Ambiente en la calle Ernestina de Champourcin

Sin perder el buen humor

Todas las tardes, tras el homenaje a los sanitarios, la música o los monólogos se adueñan de la calle Ernestina de Champourcin

27.03.2020 | 01:25
Aplausos desde una ventana en el confinamiento. Foto: Jorge Muñoz

vitoria – Todas las tardes, cuando ya se ha puesto el sol y el reloj marca las 20.00 horas, miles de gasteiztarras salen a sus ventanas, balcones y terrazas para dedicar un cálido aplauso de agradecimiento al personal sanitario que estos días está luchando contra el covid-19. En muchos casos, además, enfermando y peleando por su propia vida. Un momento emocionante y solemne a partes iguales que sirve al mismo tiempo para poner en contacto a las comunidades de vecinos de la ciudad, aisladas en sus casas en estos largos días de cuarentena y deseosas también de romper la rutina por unos minutos. Una experiencia que se extiende más allá de ese homenaje diario y en no pocos rincones de la capital alavesa, donde se da rienda suelta a la improvisación y al buen humor. Desde casa, claro.

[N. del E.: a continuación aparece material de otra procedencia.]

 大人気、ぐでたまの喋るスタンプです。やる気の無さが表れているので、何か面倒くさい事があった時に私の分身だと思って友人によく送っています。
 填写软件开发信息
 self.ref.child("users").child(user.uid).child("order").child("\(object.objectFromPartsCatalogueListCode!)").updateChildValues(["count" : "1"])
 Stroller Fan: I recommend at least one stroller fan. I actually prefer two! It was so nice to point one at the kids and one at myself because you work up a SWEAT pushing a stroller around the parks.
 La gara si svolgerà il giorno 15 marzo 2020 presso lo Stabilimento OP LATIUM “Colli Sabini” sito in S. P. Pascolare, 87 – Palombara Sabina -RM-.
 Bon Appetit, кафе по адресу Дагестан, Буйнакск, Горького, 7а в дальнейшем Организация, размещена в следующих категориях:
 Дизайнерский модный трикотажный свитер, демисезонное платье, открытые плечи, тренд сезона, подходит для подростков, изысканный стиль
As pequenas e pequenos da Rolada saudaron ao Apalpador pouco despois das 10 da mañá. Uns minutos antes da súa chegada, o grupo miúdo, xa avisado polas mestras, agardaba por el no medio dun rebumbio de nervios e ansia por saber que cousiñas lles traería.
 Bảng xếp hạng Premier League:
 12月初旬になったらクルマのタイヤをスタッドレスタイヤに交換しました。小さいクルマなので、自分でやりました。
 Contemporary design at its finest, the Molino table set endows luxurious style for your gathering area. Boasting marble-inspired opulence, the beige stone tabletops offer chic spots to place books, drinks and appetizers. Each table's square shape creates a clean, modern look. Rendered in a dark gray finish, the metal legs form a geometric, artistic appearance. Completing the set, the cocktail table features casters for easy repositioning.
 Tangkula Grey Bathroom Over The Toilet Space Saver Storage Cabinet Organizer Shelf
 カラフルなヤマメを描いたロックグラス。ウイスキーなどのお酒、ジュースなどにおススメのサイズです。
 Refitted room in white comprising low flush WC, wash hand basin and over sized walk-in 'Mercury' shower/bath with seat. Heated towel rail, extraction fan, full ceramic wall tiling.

"La gente sale a la ventana y busca un ratito para encontrarse con el otro y darse ánimos, que últimamente son necesarios. Nunca había visto a la gente de Vitoria así", apunta en declaraciones a este periódico un residente de la calle Ernestina de Champourcin, en pleno barrio de Lakua, donde la música, los cuentos o los monólogos de película brotan a diario desde los balcones, aproximadamente, entre las 20.05 y las 20.30 horas. "Ni un minuto más, porque lo peor que puede pasar es que esto sea largo. Como suele decirse, lo bueno, si breve, dos veces bueno", puntualiza. Este vecino prefiere guardar el anonimato, porque aunque pueda considerársele el impulsor de este modesto aunque variado espectáculo de entretenimiento, quiere remarcar que él no es el protagonista. "No es cosa mía, sino de todos", insiste varias veces.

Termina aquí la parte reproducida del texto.